McAfee's Benchmark
- Type: Bourbon whiskey
- Manufacturer: Sazerac Company
- Origin: Kentucky, United States
- Alcohol by volume: 40.00%
- Proof (US): 80
- Related products: Buffalo Trace

= McAfee's Benchmark =

Brand of Kentucky Straight Bourbon Whiskey

McAfee's Benchmark is a brand of Kentucky Straight Bourbon Whiskey produced by the Sazerac Company at its Buffalo Trace Distillery in Frankfort, Kentucky. The full name of the brand that appears on the bottle is "McAfee's Benchmark Old No. 8 Brand" (with "Benchmark" rendered in much larger letters than the rest). The primary brand expression is an 80 U.S. proof (40% alcohol by volume) bourbon aged "at least 36 months" according to its label.

Three whiskey-based liqueurs of 70 U.S. proof (35% alcohol by volume) also carry the brand name – one with apple flavoring, one with peach flavoring and the third with brown sugar flavoring.

== History ==

The Benchmark brand was created by Seagram's in the late 1960s to be a luxury or premium-level bourbon. At that time, the whiskey was not called McAfee's, but simply Benchmark Bourbon; and the name McAfee came much later. Originally Benchmark was sold in a decanter-style bottle with a black label.
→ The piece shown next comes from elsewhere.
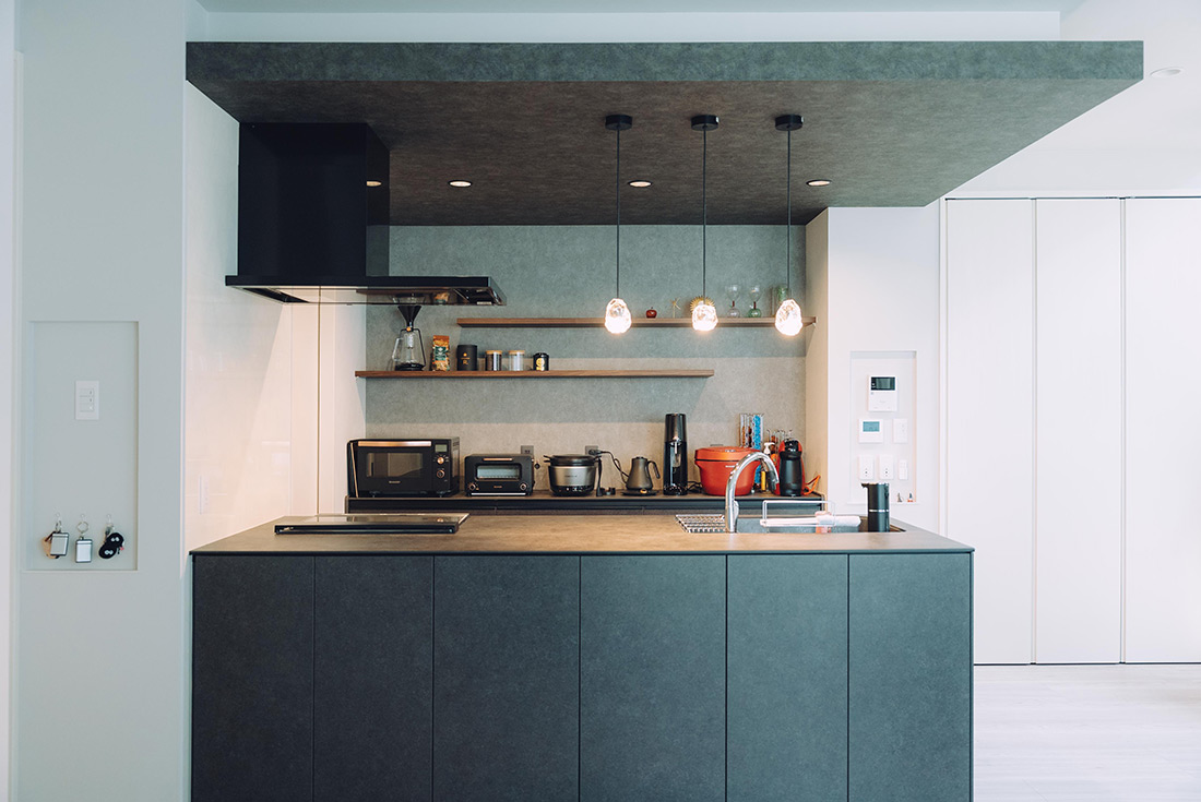 在宅ワークが多い旦那様のために設けた書斎は、好きなものを集められる十分な広さを確保し、落ち着いた色合いの壁紙を採用。以前はリビングで仕事をしていましたが、今では仕事が捗るお気に入りの空間になりました。また、キッチンの飾り棚には旦那様の趣味であるコーヒーをディスプレイし、お二人でゆったりとコーヒータイムを楽しんでいるそうです。最後まで悩んだ末、旦那様の「毎日使うものだから」という決断で選んだ特注のフロントオープン食洗機は大活躍。毎日の暮らしの質が格段に向上し、奥様も大変喜ばれていました。「今の暮らしが満足すぎて、居間にいるだけで幸せです」と語るお二人ですが、猫が大好きなお二人は、いつかは吹抜けにキャットウォークを設置して猫と一緒にのびのび過ごすことも楽しみにしているそうです。

The Benchmark brand name was purchased by the Sazerac Company in 1989 from Seagram's. It is still owned by Sazerac Brands of New Orleans which also now owns the Buffalo Trace distillery in Frankfort, where Benchmark is now made. The origin of the McAfee name is that James, George and Robert McAfee (along with James McCoun, Samuel Adams and Hancock Taylor) were, in 1773, the first early American explorers to survey land at the site where Buffalo Trace stands today. The original Benchmark was made at Lawrenceburg, Kentucky at the Old Prentice Distillery, now known as Four Roses Distillery (on the Salt River, fittingly located 5 miles north of McAfee, Ky) when Seagram owned it.